Are you annoyed with spam e-mail? Suppose a random sample of 200 Kent State students was asked this question of which 80% said that they are annoyed. From the provided information we can find the following:
sample percent = 80% (sample proportion = .80)
standard deviation (S.D.) = .03
a. Set up the calculation of a 95% confidence interval to estimate the population proportion of Penn State students who are annoyed by spam e-mail?
.8 ± .06 =(.50 to .56) or (50 to 56) %
I think this is totally wrong -- help!
To calculate the confidence interval for estimating the population proportion, you can use the formula:
Confidence Interval = Sample proportion ± (Z * Standard Error)
Here, the sample proportion is 80% (or 0.80), and the standard deviation (SD) is 0.03. However, to compute the standard error, we first need to find the critical value (Z) for a 95% confidence level.

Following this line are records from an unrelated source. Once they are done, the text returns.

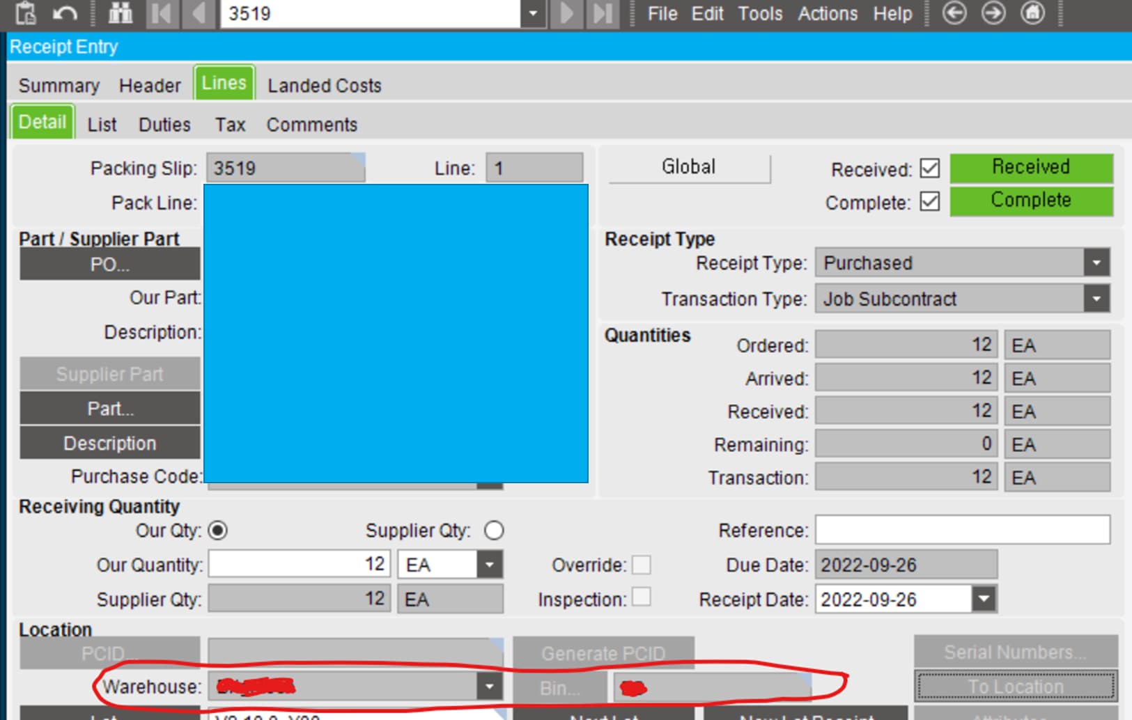 In Receipt Entry, when the type is Job Subcontract, the Warehouse/Bin field is disabled. This Warehouse/Bin seems to come from Part Maintenance.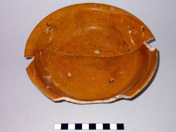 Esemplare ricostruito di ciotola in ceramica ingobbiata, monocroma gialla ed invetriata con orlo piatto leggermente estroflesso, vasca emisferica e piede a disco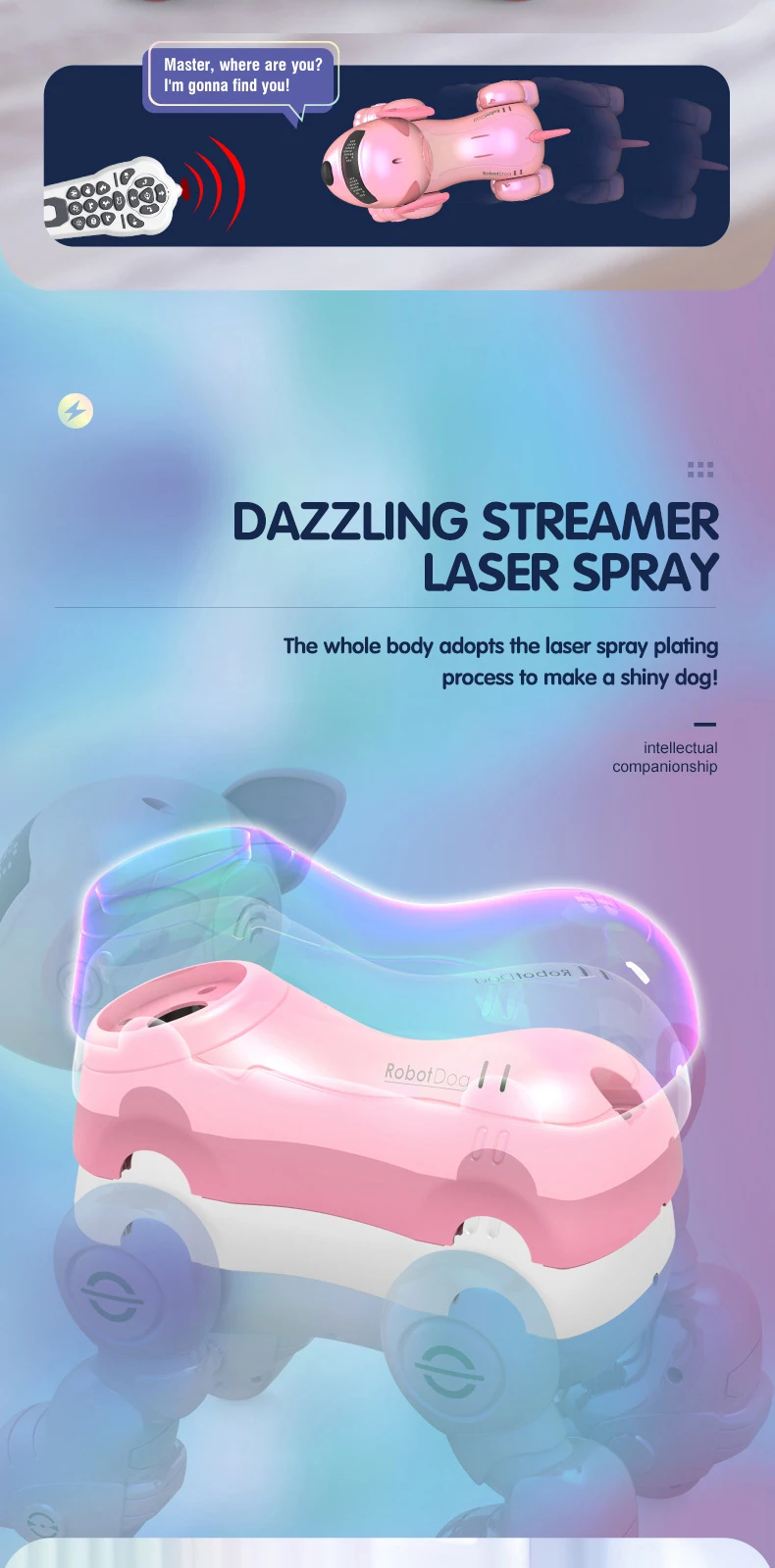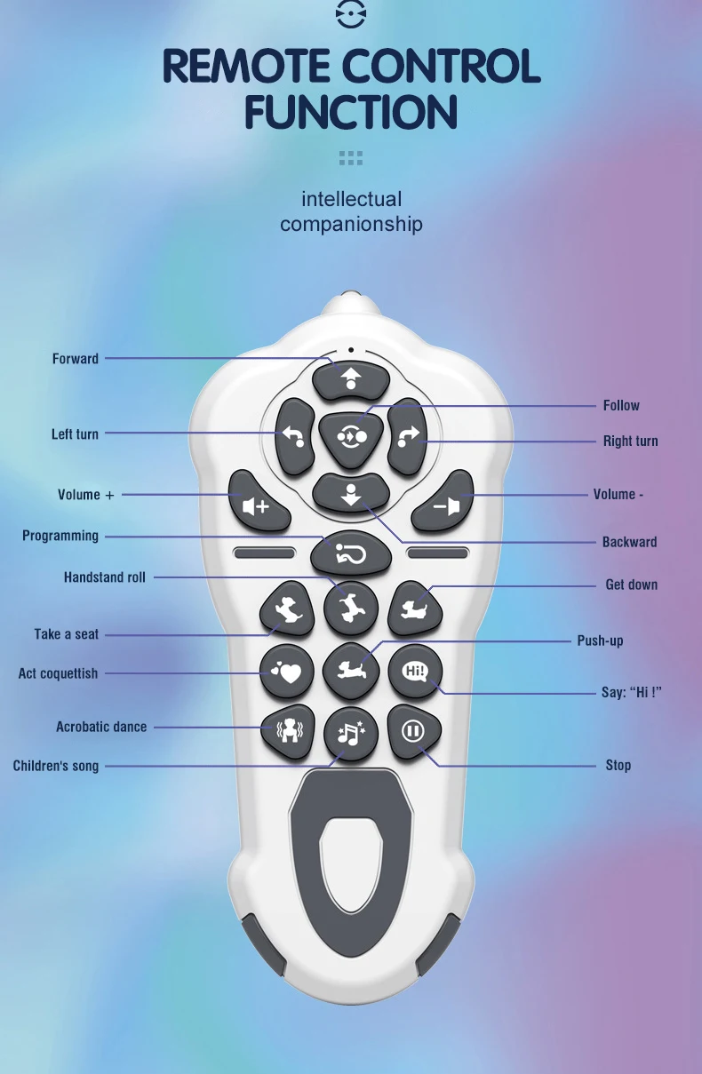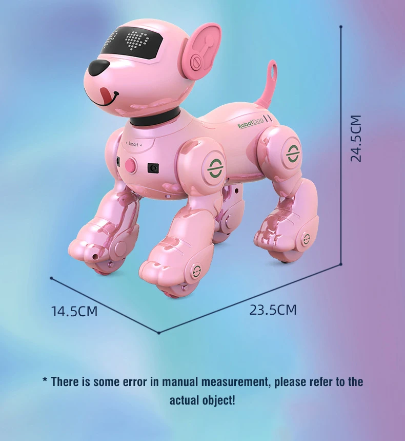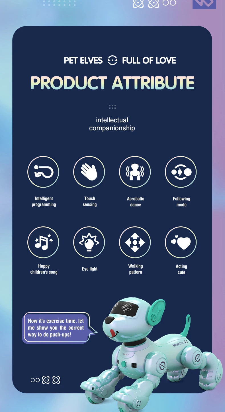 An intelligent remote control robot dog that can stand on its head, roll over, perform musical stunts and dance combinations.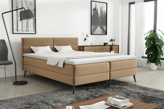 Boxspringbett Schlafzimmerbett MARKOS Stoff "Soro" in Beige 200x200cm inkl. 2 x Bettkasten ohne Kaltschaum Topper! Erhältlich auch mit Kaltschaum Topper! Boxspringbett / Polsterbett MARKOS mit aufklappbaren Bettkästen Das extravagante Boxspringbett MARKOS besticht durch das ausgefallene Design. Die Bettkästen sind gepolstert, was dem Boxspringbett Einzigartigkeit und Luxuriösität verleiht. Außerdem bietet das Boxspringbett ausreichend Stauraum für alltägliche und nicht alltägliche Dinge. Das eingebaute Liftsystem ermöglicht ein kinderleichtes Aufklappen der beiden Bettkästen. Besonderheiten: Matratzen Liegefläche mit Originalstoff bezogen (Farbe: Beige) Beidseitig aufklappbare Bettkästen Hochwertige Bonellfederkernmatratze mit orthopädischen Eigenschaften Widerstandsfähiger und angenehm zu berührender Stoff Gepolstertes Kopfteil und gepolsterte Bet...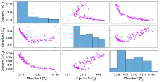 The equal weights method was used in our previous work [32]. In this paper, a deeper study of the appropriate values of these weighting coefficients is conducted in order to identify the impact of each coefficient on the quality of the final solution and the optimization process. A mapping of the global objective function and those corresponding to the three criteria is computed for all the possible coefficient values inside the interval (0,1) with respect to Equation (20), using the Particle Swarm Optimization algorithm (PSO) [33]. The computed variations are illustrated in Figure 8.

The critical value (Z) can be found by using a standard normal distribution table or a calculator. For a 95% confidence level (which corresponds to a 2-sided interval), the critical value is approximately 1.96.
Now, the standard error (SE) is calculated by dividing the standard deviation by the square root of the sample size. In this case, since you have a sample of 200 students, the sample size is 200.
Standard Error (SE) = sqrt((Sample proportion * (1 - Sample proportion)) / Sample size)
= sqrt((0.80 * (1 - 0.80)) / 200)
= sqrt(0.16 / 200)
= 0.02
Now, you can substitute the values into the confidence interval formula:
Confidence Interval = 0.80 ± (1.96 * 0.02)
= (0.80 - 0.0392, 0.80 + 0.0392)
≈ (0.7608, 0.8392)
So, the 95% confidence interval for estimating the population proportion of Kent State students who are annoyed by spam e-mail is approximately 76.08% to 83.92%.
I apologize for the incorrect initial answer you provided. The correct calculation for the confidence interval is shown above.